Take the reciprocal of both sides to get:

$\frac{1}{{y}^{2} + 1} = 1 - x$

Add $x - \frac{1}{{y}^{2} + 1}$ to both sides to get:

$x = 1 - \frac{1}{{y}^{2} + 1}$

So for any $y \ge 0$ there is a value of $x$ such that $v \left(x\right) = y$

Hence the range of $v \left(x\right)$ is $\left[0 , \infty\right)$

$\textcolor{w h i t e}{}$
Question 6

$f \left(x\right) = \sqrt{4 - x}$

$g \left(x\right) = \sqrt{x + 3}$

Then:

${D}_{f} = \left(- \infty , 4\right]$

${D}_{g} = \left[- 3 , \infty\right)$

So:

${D}_{f + g} = {D}_{f} \cap {D}_{g} = \left(- \infty , 4\right] \cap \left[- 3 , \infty\right) = \left[- 3 , 4\right]$

This does not correspond to any of the given options, so there is an error in the question.

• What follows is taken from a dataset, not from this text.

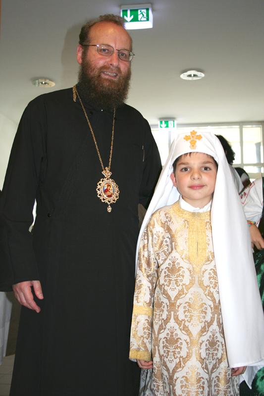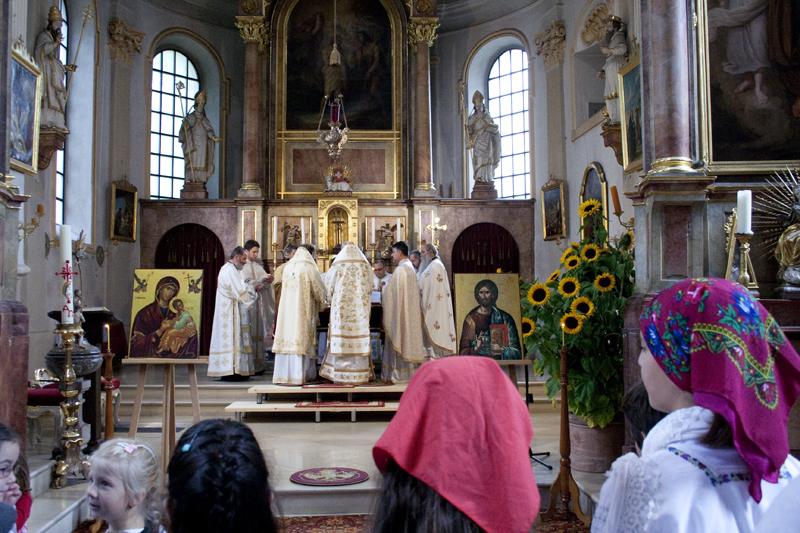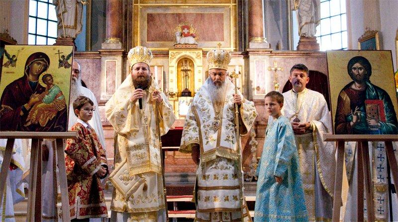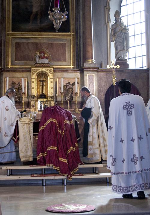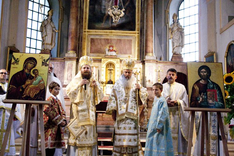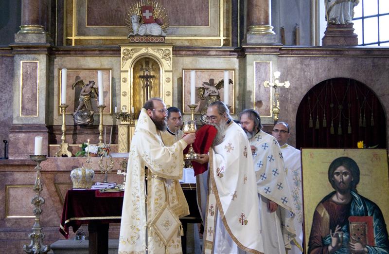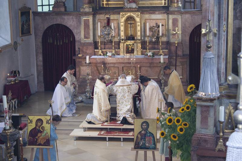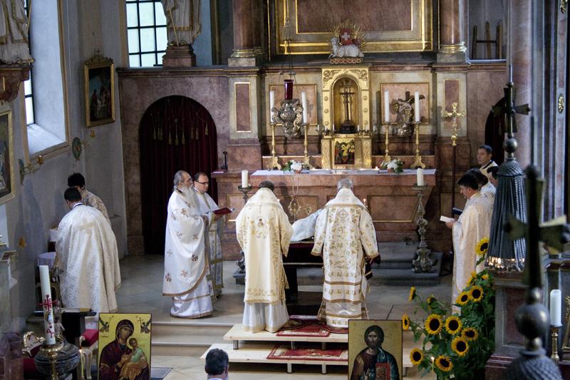 Sfânta Liturghie arhierească, ţinută în biserica Alte Haidhauser Kirche, i-a avut în frunte pe Înaltpreasfinţitul Părinte Serafim, Mitropolitul Ortodox Român al Germaniei, Europei Centrale şi de Nord şi pe Preasfinţitul Părinte Sofian Braşoveanul, Episcopul-vicar al Arhiepiscopiei Germaniei, Austriei şi Luxemburgului, înconjuraţi de un sobor de preoţi din München şi alte oraşe (Augsburg, Nürnberg, Rosenheim, Schwäbisch Gmünd, Traunreut), veniţi împreună cu credincioşi pentru a spori frumuseţea prăznuirii şi bucuria comuniunii.

graph{sqrt(4-x) + sqrt(x+3) [-4.438, 5.56, -0.64, 4.36]}

$\left(f + g\right) \left(x\right)$ has minima at the ends of the domain and maximum in the centre.

${R}_{f + g} = \left[\sqrt{7} , \sqrt{14}\right]$

It looks like the error in the question was the $3$ instead of a $4$ and the correct answer would have been (d)